**STUDY MATERIAL**
=== Section Start ===
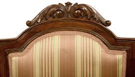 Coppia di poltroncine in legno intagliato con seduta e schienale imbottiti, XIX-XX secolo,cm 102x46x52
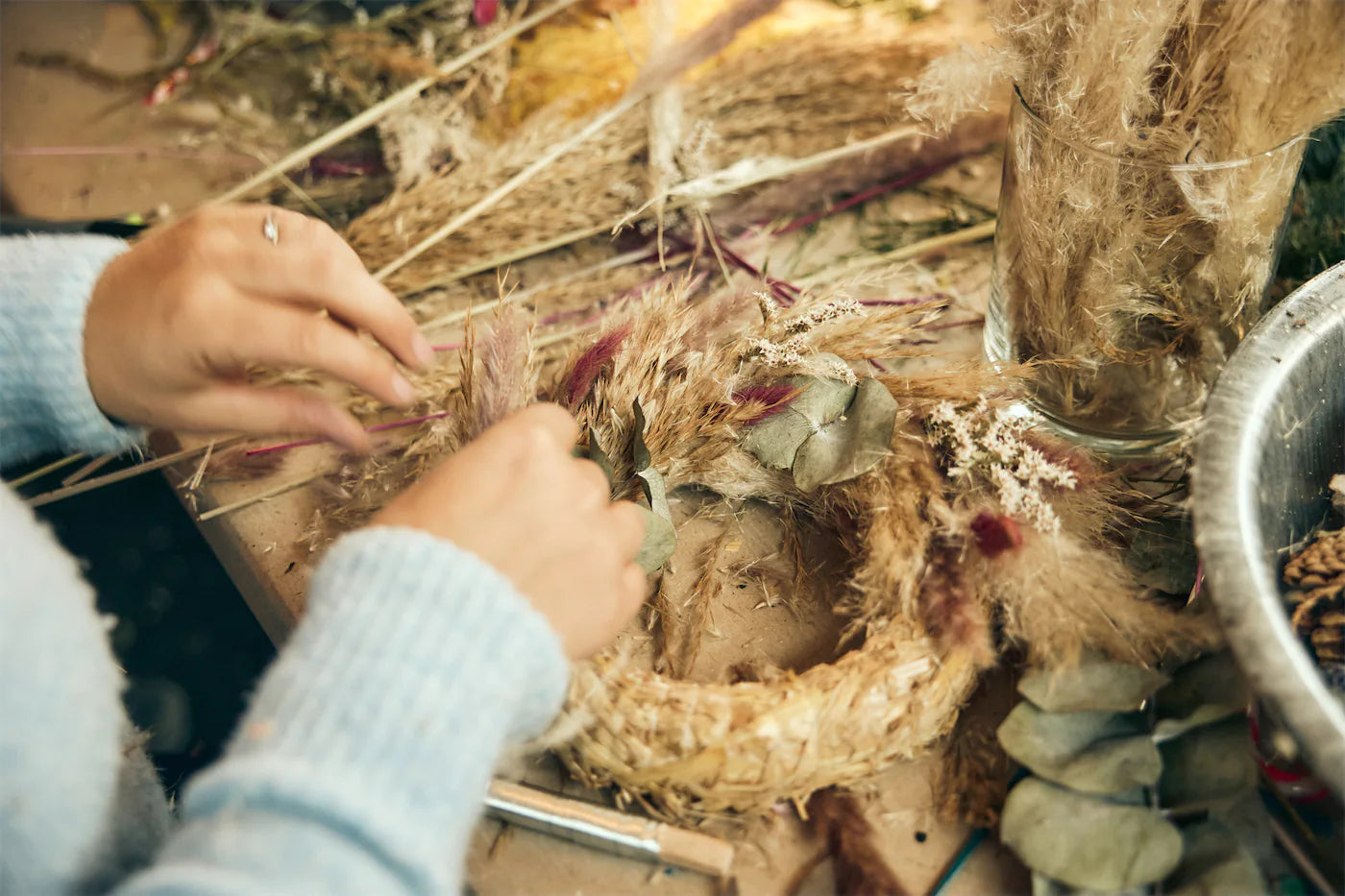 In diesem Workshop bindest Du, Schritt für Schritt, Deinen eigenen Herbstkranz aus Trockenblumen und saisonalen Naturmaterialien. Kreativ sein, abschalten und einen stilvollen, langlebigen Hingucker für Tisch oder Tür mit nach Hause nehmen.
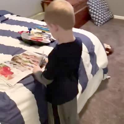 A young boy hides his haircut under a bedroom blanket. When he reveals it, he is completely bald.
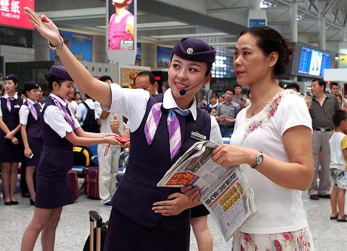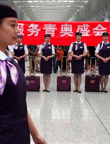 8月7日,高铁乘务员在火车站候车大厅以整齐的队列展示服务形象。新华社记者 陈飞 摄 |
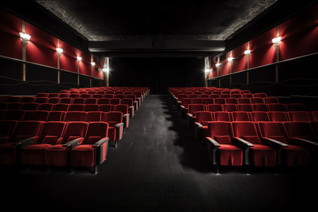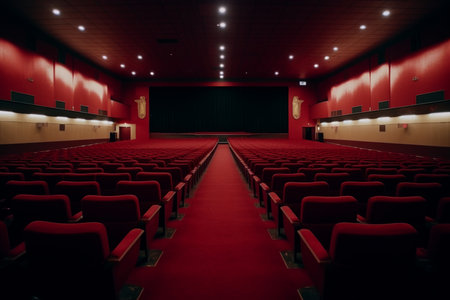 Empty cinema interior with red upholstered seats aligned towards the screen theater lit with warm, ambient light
=== Section End ===
=== Section Start ===
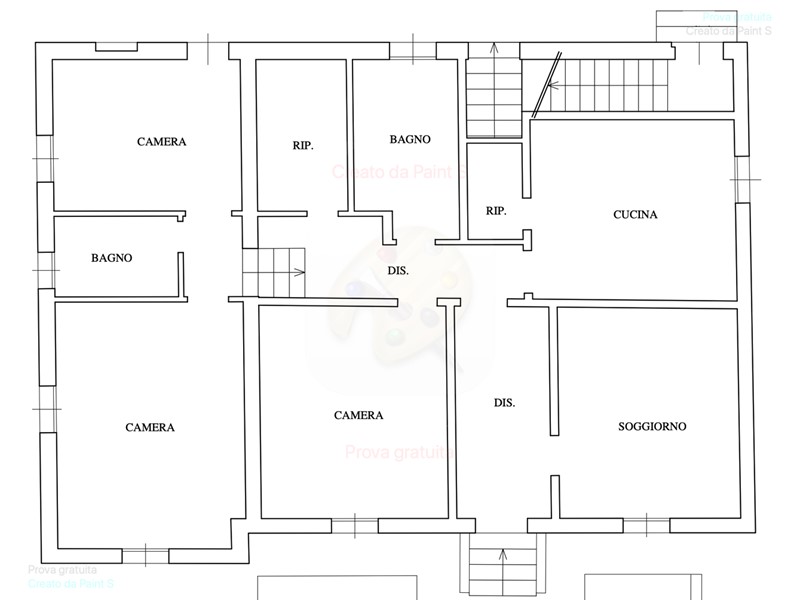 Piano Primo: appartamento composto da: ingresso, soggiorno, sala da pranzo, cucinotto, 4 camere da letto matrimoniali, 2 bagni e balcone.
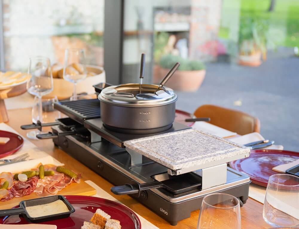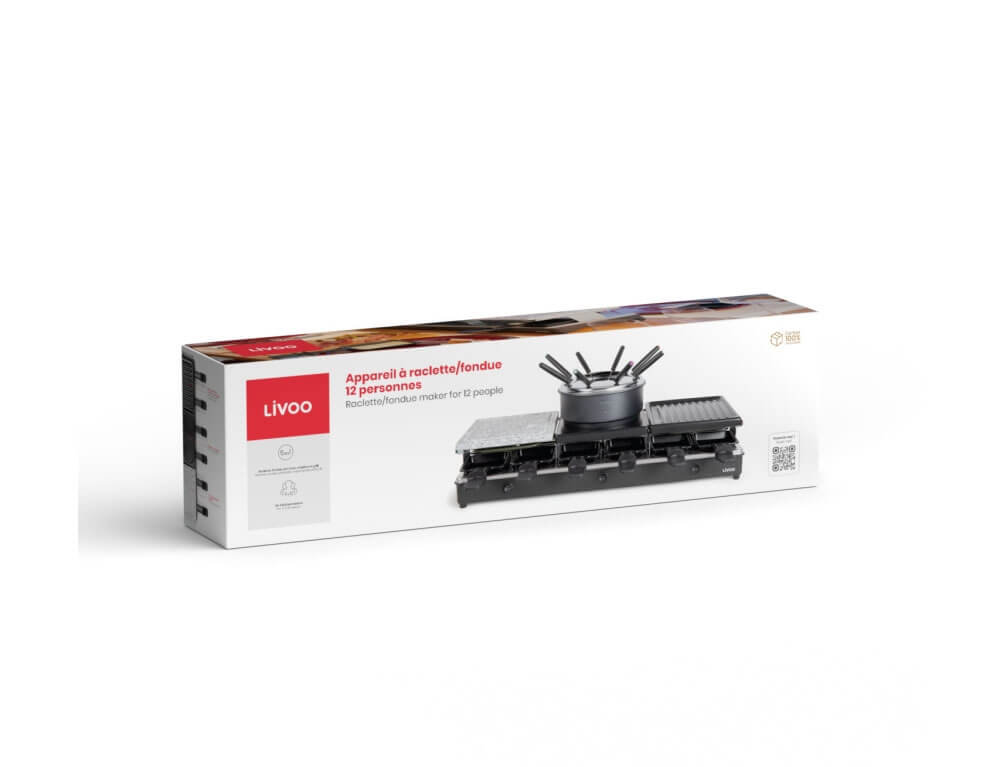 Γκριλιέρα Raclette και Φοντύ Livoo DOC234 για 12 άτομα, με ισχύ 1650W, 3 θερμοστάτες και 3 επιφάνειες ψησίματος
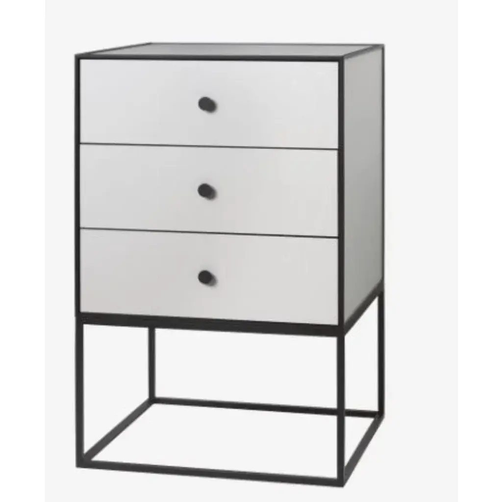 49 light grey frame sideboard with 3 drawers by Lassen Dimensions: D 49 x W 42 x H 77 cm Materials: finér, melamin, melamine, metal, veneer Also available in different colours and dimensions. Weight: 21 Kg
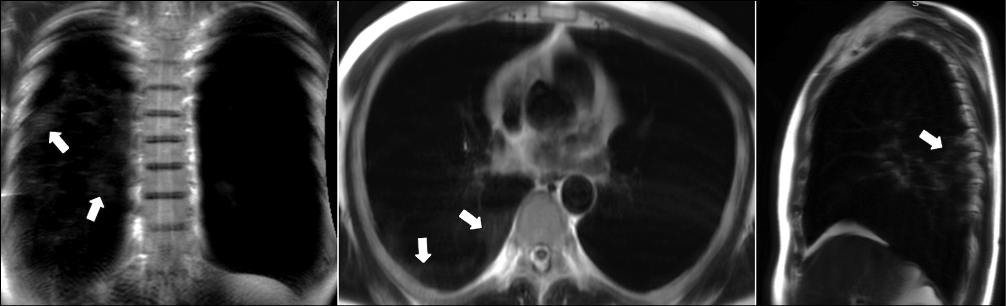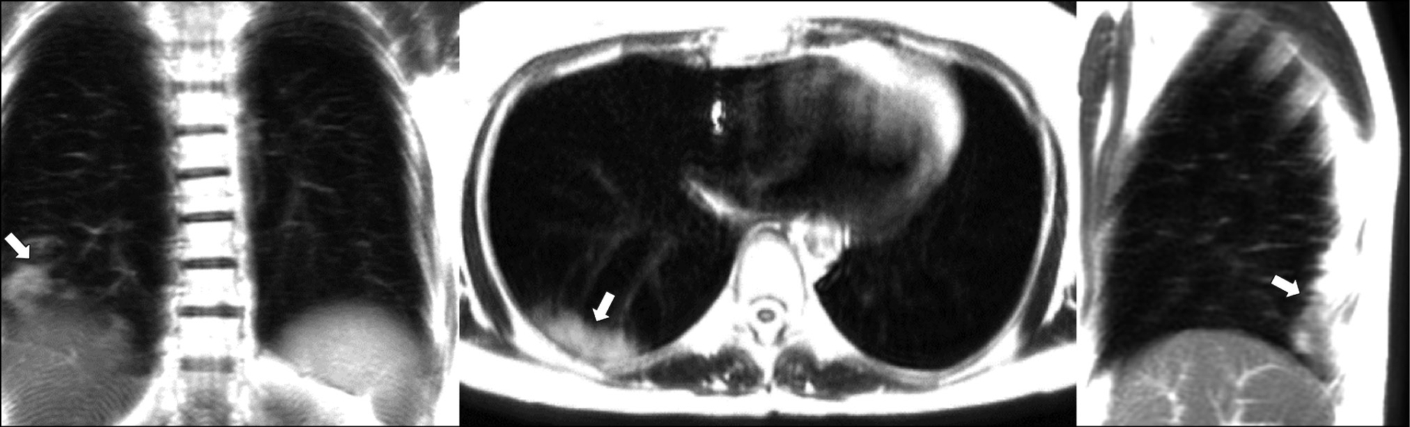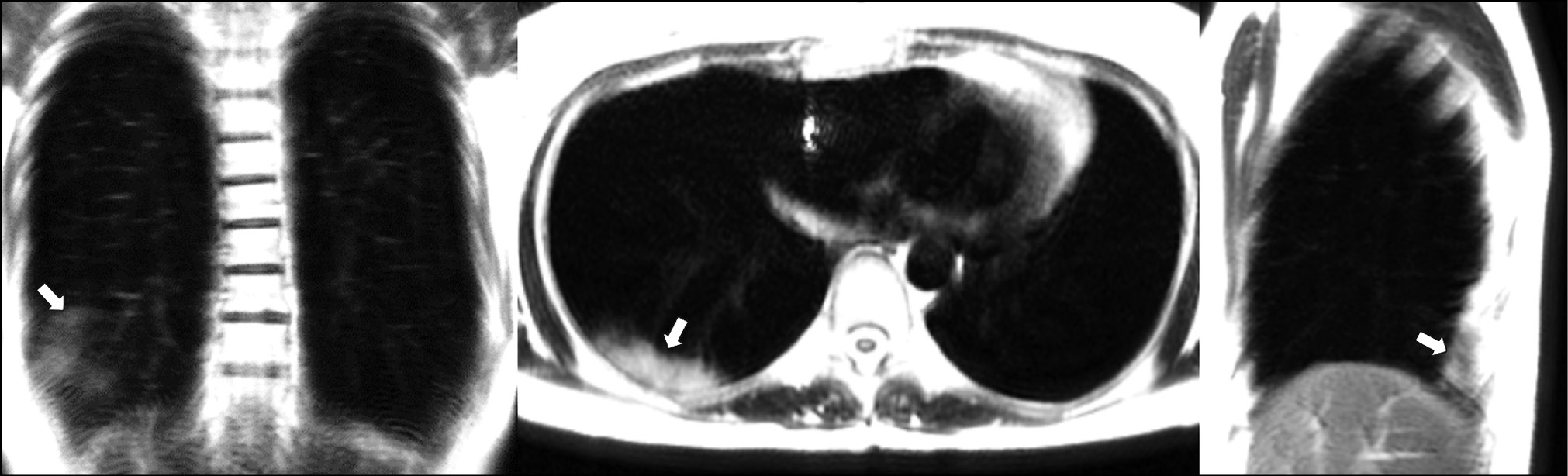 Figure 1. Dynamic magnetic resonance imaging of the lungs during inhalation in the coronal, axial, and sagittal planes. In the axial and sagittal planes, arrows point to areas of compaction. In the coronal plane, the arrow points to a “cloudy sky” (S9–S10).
=== Section End ===
=== Section Start ===
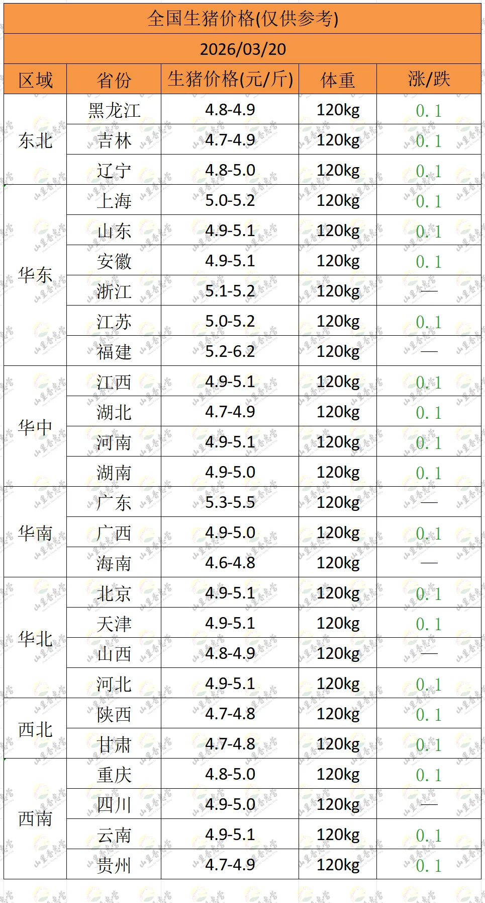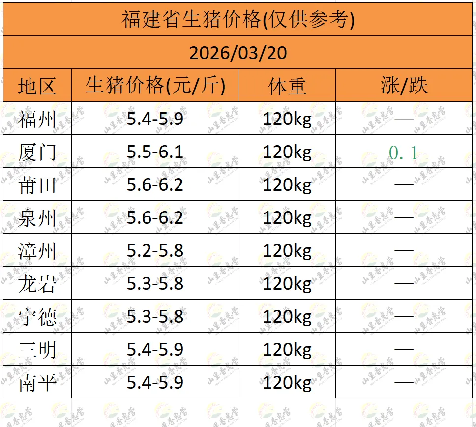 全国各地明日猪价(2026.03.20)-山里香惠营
=== Section End ===
**WHAT TO DO**
Copy the lines above exactly, starting at the one with "In diesem Workshop" and ending at the one with "Empty cinema interior", both included. Leave out any pictures and add nothing else.

**RESPONSE TO THIS EXERCISE**
 In diesem Workshop bindest Du, Schritt für Schritt, Deinen eigenen Herbstkranz aus Trockenblumen und saisonalen Naturmaterialien. Kreativ sein, abschalten und einen stilvollen, langlebigen Hingucker für Tisch oder Tür mit nach Hause nehmen.
 A young boy hides his haircut under a bedroom blanket. When he reveals it, he is completely bald.
 8月7日,高铁乘务员在火车站候车大厅以整齐的队列展示服务形象。新华社记者 陈飞 摄 |
 Empty cinema interior with red upholstered seats aligned towards the screen theater lit with warm, ambient light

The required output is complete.